Thursday, December 16, 2010

Only-Thinking-of-the-Voters Scam

They just won't stop. A bit West in Alaska, there's Joe Miller. Here we have Chuck Turner.

The former will not become a U.S. Senator and the latter is no longer a City Councilor. Yet, they won't stop. They won't accept the realities that are too plain to nearly everyone else.

Moreover, each from his own angle has fallen back to stating that their ego-driven battles are only about voter enfranchisement. They want to champion their people's fundamental American right.

The claim of each certainly deserves consideration. In the end, it does not stand though.


Not Chuck Norris



Miller has modeled his stubbly appearance after a certain action movie star. Yet, he is indecisive and has problems with that reality thing. Rather than bring his fight to a quick end with his wit and strength, he has done the annoying bleed-them-with-lawyers route.

What would Chuck Norris do? Certainly not waffle and backtrack on his promises (he said repeatedly, he'd quit his race when the math no longer works, for example.) Miller seemed to surprise all by taking the GOP primary from sitting Senator Lisa Murkowski. In turn, he was stunned when her write-in campaign in the general got her over 10,000 more votes than his on-ballot total. He was happy to take the first surprise, but not adult enough, man enough, Alaska enough for the second.

His minions challenged every ballot they could, even thousands that elections officials, reporters and other observers said here very clearly Murkowski's. They demanded that the slightest misspelling and even those with a single lower-case letter among the capitals be disqualified.

Miller himself took the position that the intent of voters did not matter. Alaska law read that write-ins must appear exactly as on the candidate's filing papers. Even though that matter has been adjudicated several times and clarified by the elections department to mean more plain-folk sense of voter intent, Miller's efforts put over 8,000 of those 10,000 on hold (not formally disqualified).

After all that, he still came up over 2,000 votes short. Game over, you say...quoting Miller to himself? Not bloody likely! This is where he comes in with the outrageous claim that all he wants is for his voter's ballots to count.

The state and federal courts have been very generous in letting him gum up the works. In each court though, they have ended up saying, "You lost." He now is at the point of the federal judge saying he can go ahead and keep filing actions, but the state needs to certify Murkowski as the winner.

Game over? Hah!

Of course, it doesn't take much to realize that what Miller is about is disenfranchising voters. He would like enough people who knew they were voting for Murkowski to lose their right that he can win. He wants to toss over 10,000 ballots, over 10,000 voter's sacred American fundamental exercise of democracy.


Another Chuck



Back to us, Turner also is contorting his effort to stay in office as a voter-enfranchisement issue. At least he won his last election. Unfortunately for him, his enfranchisement claim seems to be that his 60% showing then trumps all ensuing legal actions after his conviction on four felony counts.

That deserves discussion.

At the city level, the Council's rules let and even mandate that they rule on the fitness to serve of anyone convicted of a felony.

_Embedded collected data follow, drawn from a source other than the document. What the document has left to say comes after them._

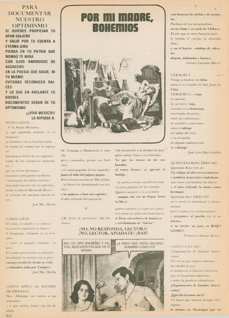 Por mi madre, bohemios. Para documentar nuestro optimismo: Si quieres propiciar tu afán viajero y salir por tu cuenta a eterna gira piensa en tu patria que nomas te mira con ojos amorosos de aguacero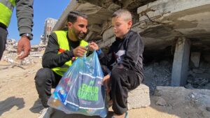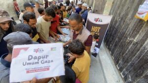 GIZI UNTUK GAZA Di balik deretan bangunan yang hancur, tenda-tenda darurat berdiri sebagai saksi bisu ketabahan rakyat Gaza. Anak-anak berlari kecil dengan wadah kosong di tangan mereka, bukan untuk bermain, tapi untuk mengantre makanan hangat sesuatu yang bagi kita mungkin biasa, namun bagi mereka adalah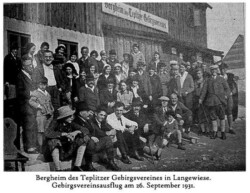 O rozvoj turistiky v Krušnohoří aktivně dbal Erzgebirge Verein – Krušnohorský spolek založený v Teplicích r. 1885, jeho pobočky se nacházely v celé řadě okolních měst i vesnic – v Duchcově, Oseku, Lomu, Litvínově i Mostu. Díky činnosti členů spolku byly značkovány turistické trasy, instalovány rozcestníky a na vhodných místech při cestách byla budována odpočívadla. Spolek vydával v Teplicích vlastní časopis Erzgebirge Zeitung, velice zdařilé regionální vlastivědné periodikum, na jehož stránkách byla publikována řada článků dokumentujících historii i současnost Krušnohoří. Spolek vydával vlastní turistické mapy a průvodce.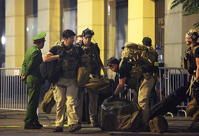 Lực lượng mật vụ chống bắn tỉa làm việc ở sân bay Nội Bài. Ảnh soha.vn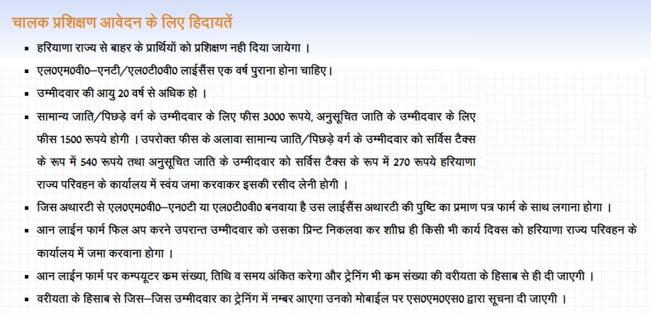 हरियाणा भारी वाहन चालक प्रशिक्षण पात्रता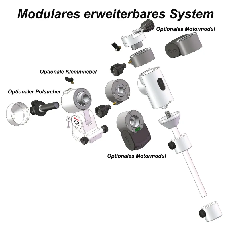 Deklinācijas korpusa bloks ļauj paplašināt AP Photoguider līdz pilnīgam ekvatoriālajam AP uzstādījumam ar mototizētām RA un DC asīm. Jūs varat pārvietot un izsekot montāžu abās asīs. Turklāt jums būs nepieciešams manuālās precīzās regulēšanas modulis vai DEC motora modulis, kā arī AP pretsvara stienis un pretsvars. Visus SX sērijas stiprinājumu pretsvarus var izmantot uz pretsvara stieņa. Šim blokam var pievienot arī APZ pretsvaru. Iebūvētais akumulatora nodalījums kalpo kā papildu barošanas avots, un to darbina 4 AA baterijas.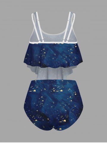 Plus Size Galaxy Moon Star Print Ruched Hawaii Tankini Swimsuit - Deep Blue - Xs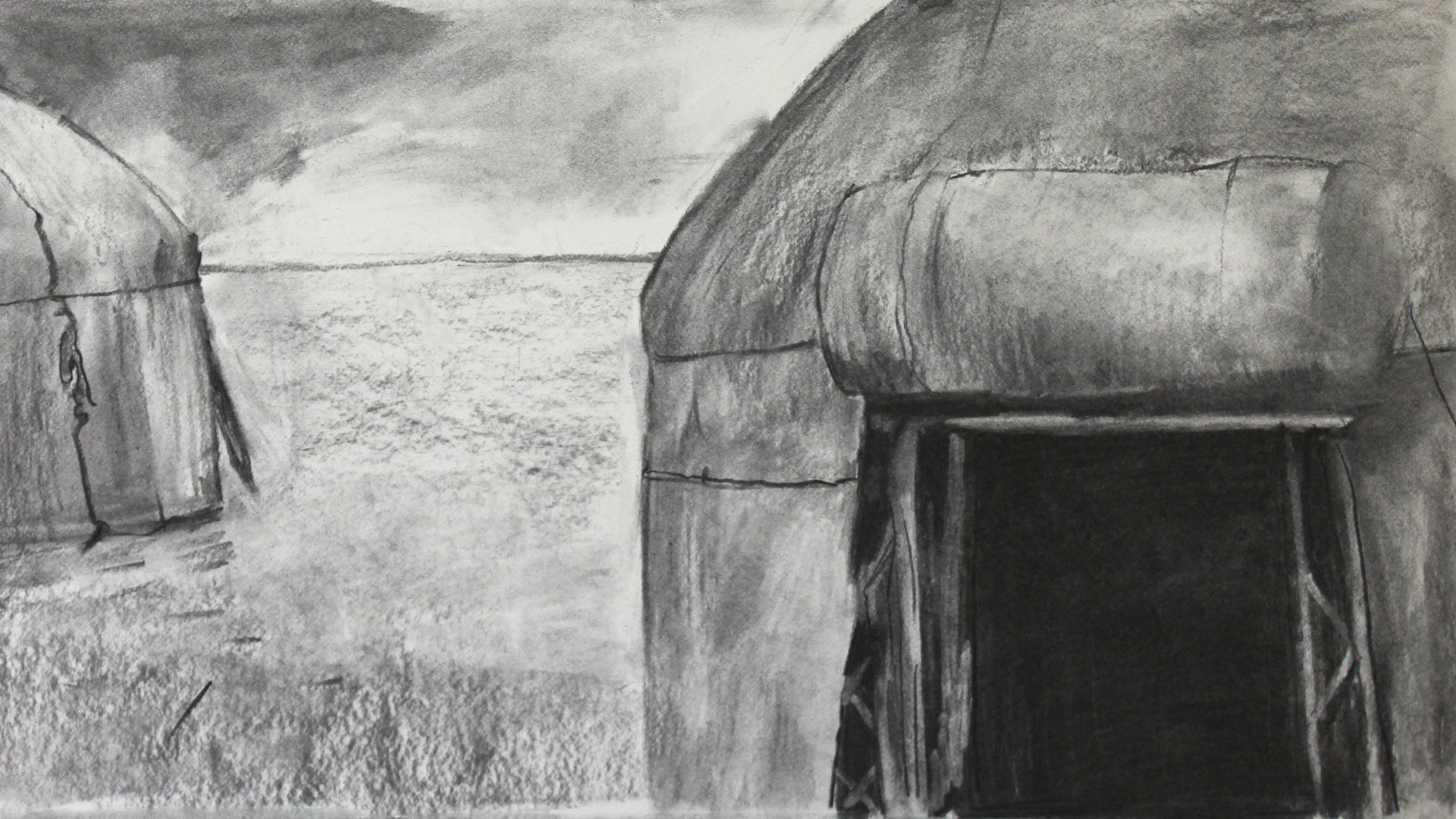 Drawings for the animation film, charcoal on paper, 2017 - 2020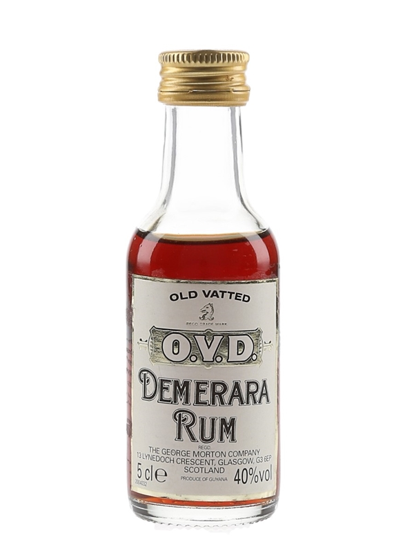 A miniature bottle of OVD Old Vatted Demerara Rum produced by George Morton. We estimate this was bottled in the 1980s.
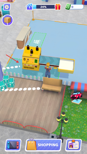 1、操控角色在场地中搬运散落的纸箱,将其集中收集,积累初始资源为后续店铺建设与布局调整奠定基础条件。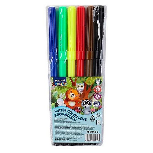 Фломастеры 6цв. MAZARI M-5048- 6 вент.колп.,круг.корп.,ПВХ,е/подвес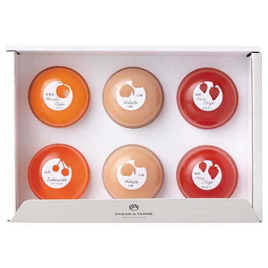 ●内容:北海道 赤肉メロンゼリー72g×1、山形県 さくらんぼゼリー72g×1、山梨県 白桃ゼリー72g×2、福岡県 あまおう苺ゼリー72g×2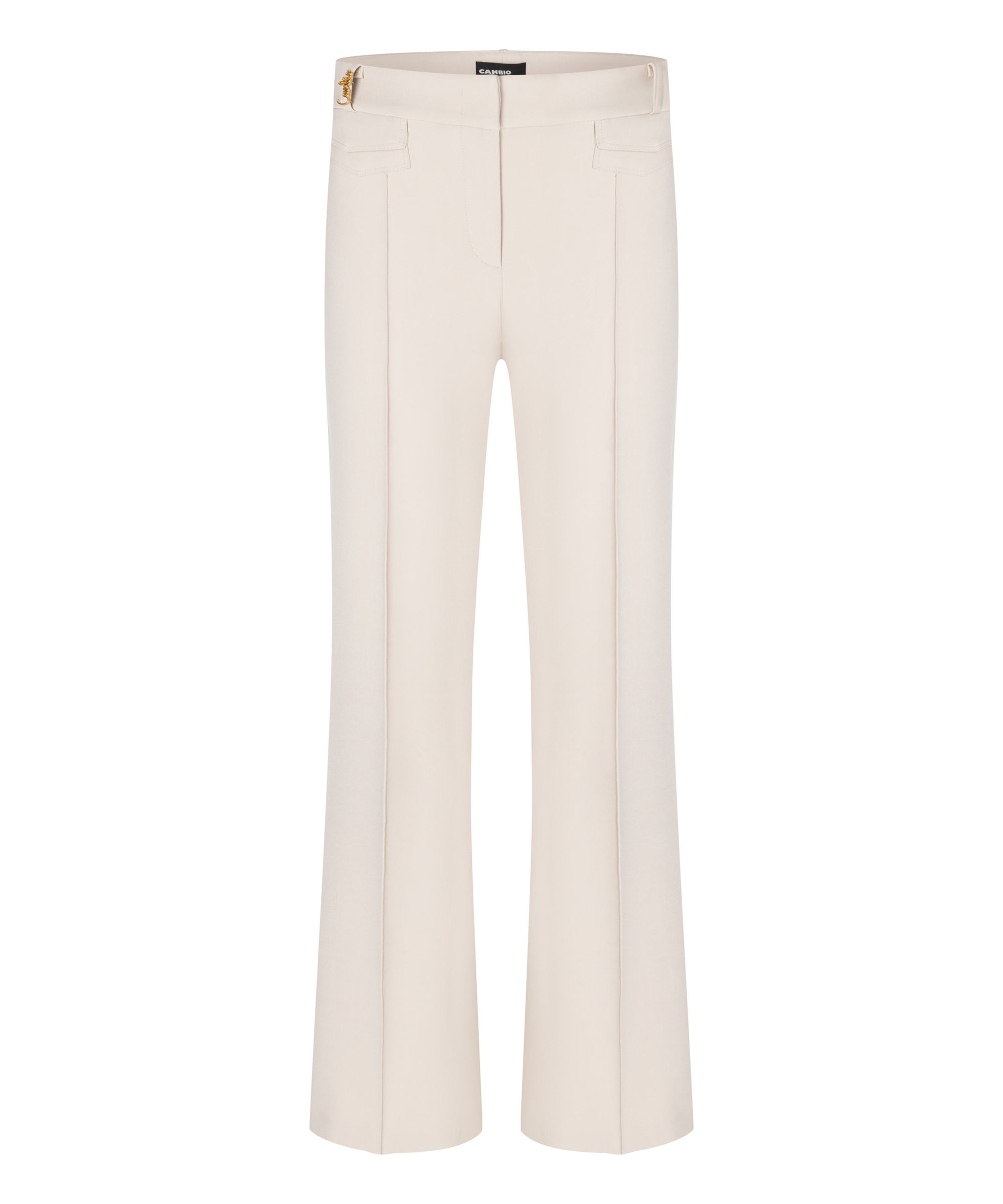 Materiaal: Polyester / Viscose / Katoen / Elestan Kleur: Beige Pasvorm: Flair Bijzonderheden: Zakjes op voorpand, paspel zakken op de achterkant, met persnaad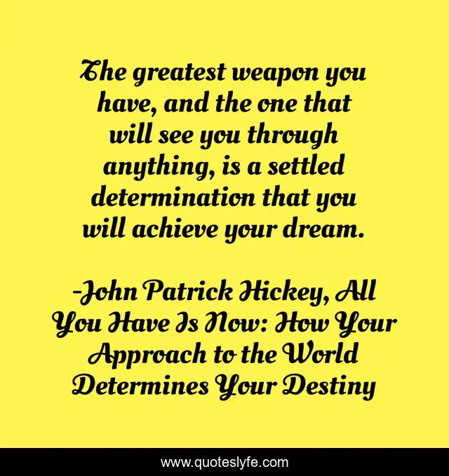 This page presents the quote "The greatest weapon you have, and the one that will see you through anything, is a settled determination that you will achieve your dream.". Author of this quote is John Patrick Hickey, All You Have Is Now: How Your Approach to the World Determines Your Destiny. This quote is about success, personal-growth, action, achievement, personal-development, goal-setting, goals,.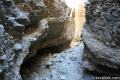 The mouth of the canyon is difficult to spot from the trailhead. Begin hiking south toward the gravel fan exiting the canyon. Cairns and footprints will appear, marking the way. After 0.4 miles, the path enters the canyon. Turn left and march up the semi-steep gravel. A side canyon on the left and another on the right come before the first real slot canyon. The side canyon to the left climbs gradually up out of the canyon, while the canyon on the right goes back for some distance before dead-ending at a dry falls. Either is worth checking out, especially on the way back.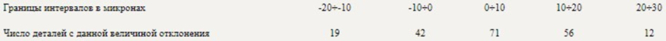 Были исследованы 200 готовых деталей на отклонения истинного размера от расчетного. Сгруппированные данные приведены в следующей таблице: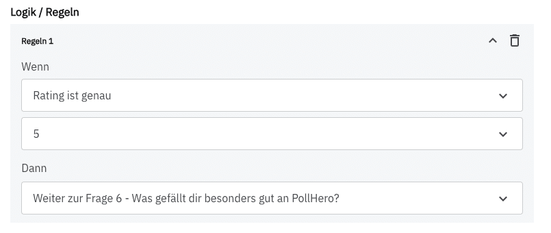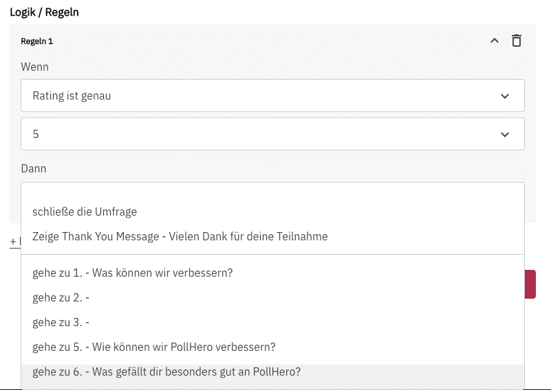 In meinem Fall möchte ich einstellen, dass alle, die PollHero mit 5 Sternen bewerten, Frage 6 ausgespielt bekommen.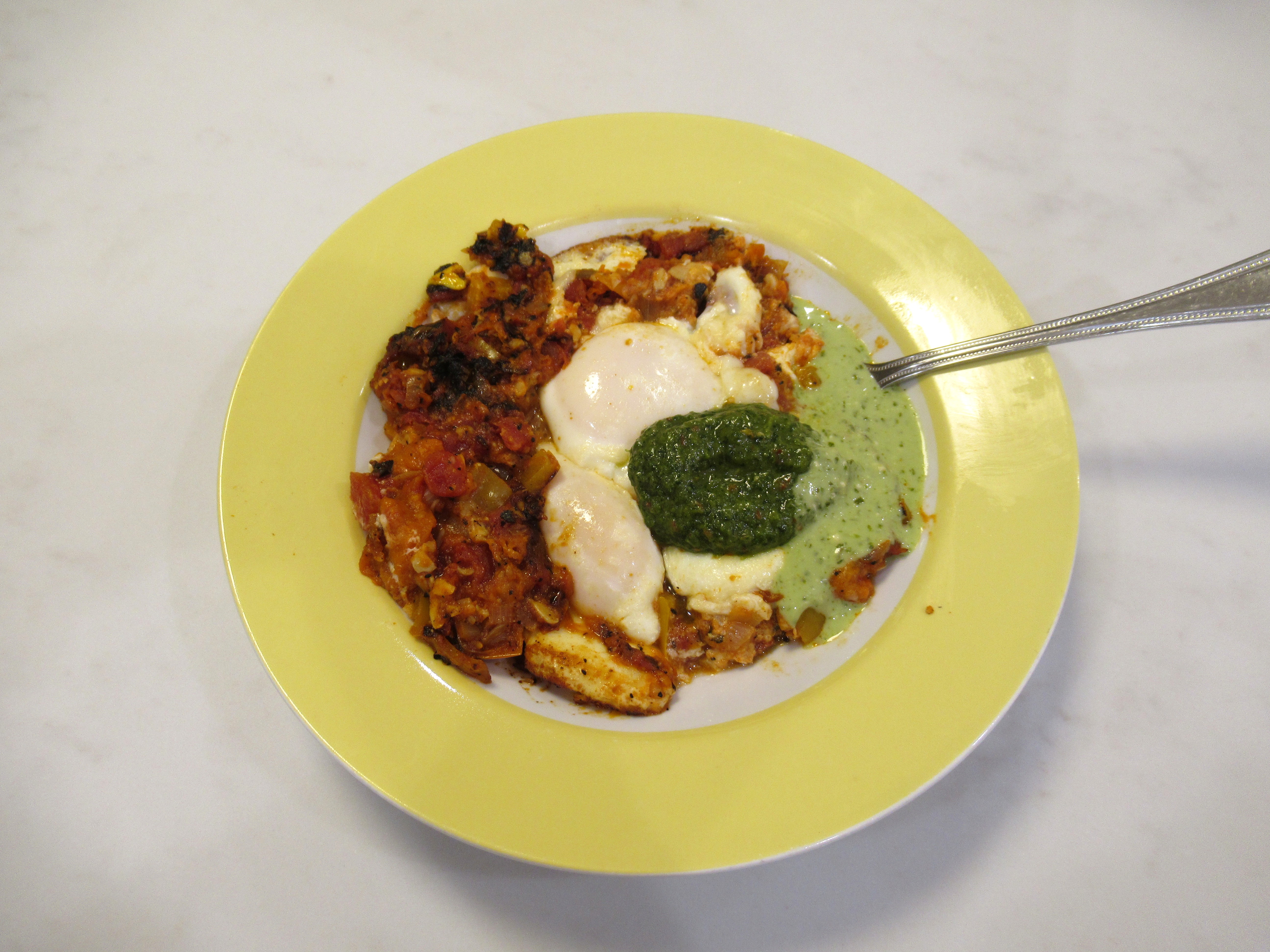 This dinner was loosely inspired by shakshuka and eggs in purgatory. Eggs, extra-sharp cheddar, and parmesan cheese cooked on a tomato-y sauce (roasted Bahama Bomb tomatoes sauteed with fire-roasted diced canned tomatoes, garlic, shallot, yellow bell pepper, urfa, smoked paprika, and salt and pepper). I topped mine with Zhoug and cilantro dressing and scooped it with sweet and spicy jalapeno kettle chips.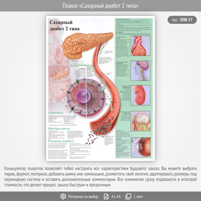 Плакат «Сахарный диабет 2 типа» (ЗОЖ-27, 1 лист) в Ачинске купить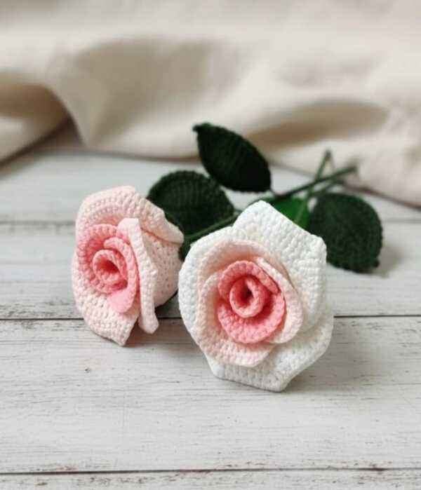 Ramo de Flores de Ganchillo Hecho a Mano de Primera Calidad, Rosas de Hilo Suave, Flores Artificiales Perfectas para Decoración de Centros de Mesa, Manualidades con Tela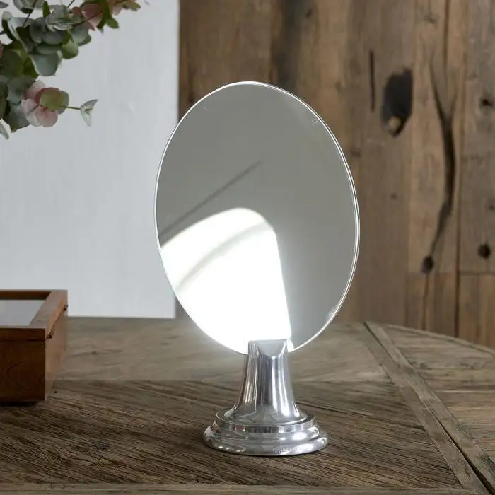 Belleza, that word alone… beauty. A standing mirror without an emphatic edge, which you can remove from its stand. The stand is made of soft shiny metal, simple but beautifully designed. Look in this beautiful mirror as often as you want. You can’t see the beauty from it.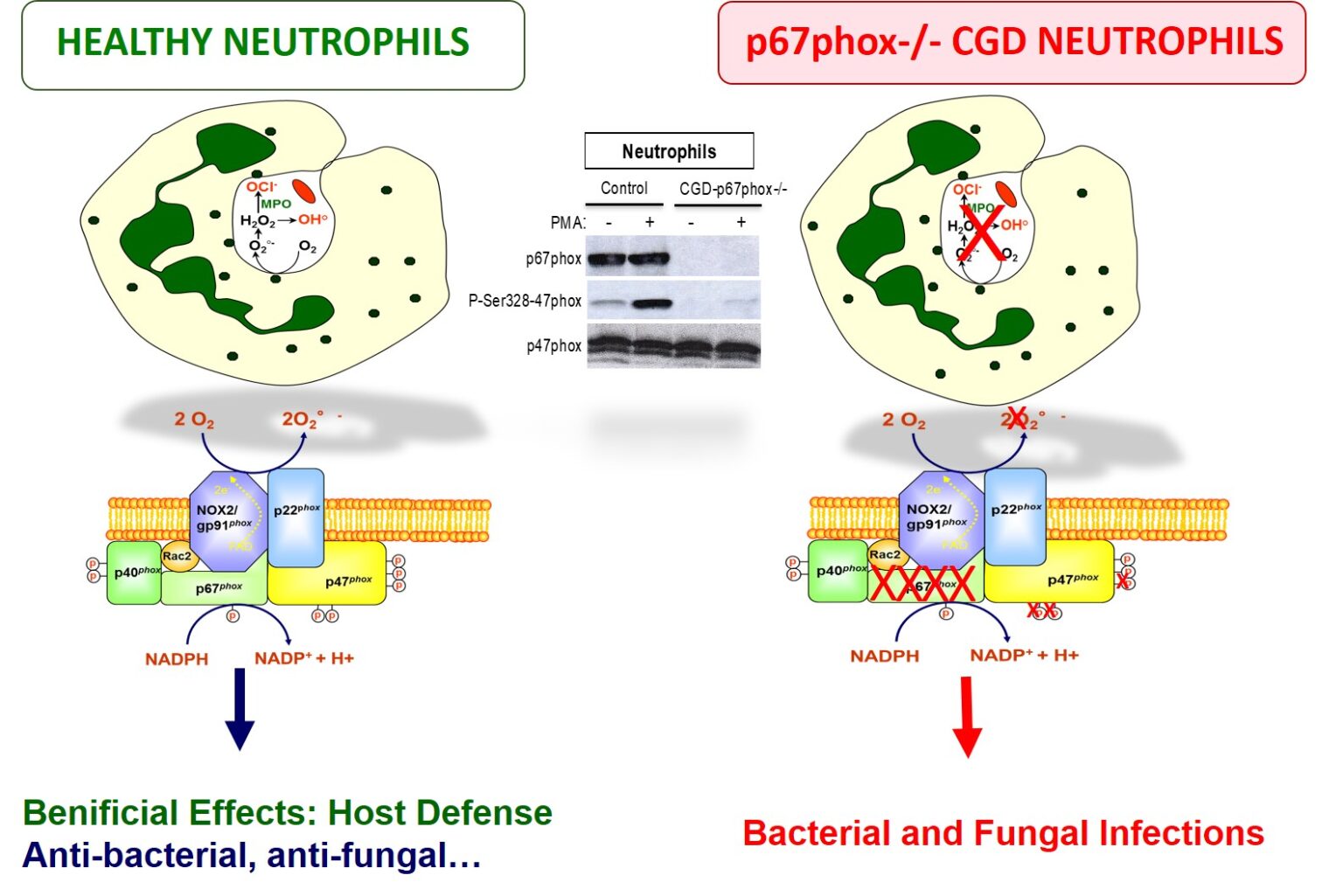 La production de ROS est nécessaire pour la défense de l’hôte, ceci est démontré dans la granulomateuse septique chronique (ou CGD), une maladie génétique qui se traduit par l’absence de production de ROS par les phagocytes, et où les patients présentent des infections plus létales que les individus en bonne santé. La CGD est une maladie rare retrouvée chez 1 individu sur 200 000 à 250 000. Elle est causée par une mutation génétique d’un des gènes codant pour les composants de la NADPH oxydase, la forme de CGD la plus fréquente étant causée par des mutations du gène gp91phox/CYBB (65 % des cas), suivies des mutations du gène p47phox/NCF1 (20 %), du gène p22phox/CYBA (moins de 5 %), du gène p67phox/NCF2 (moins de 5 %), et des gènes de la p40phox/NCF4 et de Rac2/NCF3 (les deux formes moins de 5 %). En plus de la défense de l’hôte, la production de ROS peut participer à des lésions tissulaires et à une inflammation excessive si elle n’est pas bien contrôlée. Ainsi, l’activation de la NADPH oxydase phagocytaire doit être étroitement régulée pour permettre la production des ROS au bon moment et au bon endroit. Un des mécanismes par lequel la NADPH oxydase est régulée est la phosphorylation de p47phox. Cependant, les voies qui régulent cette phosphorylation ne sont pas complètement connues.

At the state level, the law oddly enough does not trigger on indictment or even conviction; instead, an elected official sentenced to even one day of prison time must vacate office.

Turner's federal sentencing is 1/25/11. With federal guilty findings on one count of taking a $1,000 bribe and three of lying to the FBI about doing so, Turner will spend more than one day in prison.

Yet as recently as yesterday, through his attorney in a letter to Council, "The issue of disenfranchisement of the voters of District 7 . . . raises loss of rights guaranteed by the First Amendment.’"

Out here in the real world, the voters made a powerful statement that their sitting Councilor should win re-election. He did. The voters had their say.

Alas for Turner, that does not mean he gets to keep his seat for the full two-year term...no matter what. His voters were not disenfranchised. Removing him from office at the Council level or even next month by state law does not change that he was returned to office.

Moreover, his attorney seemed to want to bully the Council and city with threats of losing a lawsuit on this matter. I bet that neither he nor Turner will have the grace to back away next month when the latter heads off to serve that other kind of term. We can only wonder whether the attorney, one Chester Darling, will sue the state claiming that its law removing felons sentenced to prison likewise disenfranchises voters who were perfectly happy to send Turner back to City Hall.


Sticky Votes



The common rope binding Miller and Turner seems to be obfuscation. Each would have us believe that if his case does not end up going his way, it is the voters, not the egocentric pol, who is wronged.

I can believe that each has supporters, contributors and voters who buy into that. Each pol is eager to depict himself as a noble small d democrat striving to protect the great public privilege and right of voting.

Yet in the end it has been and surely will continue to be in law, in governing bodies and in courts that the response is to listen and disagree...with rejection.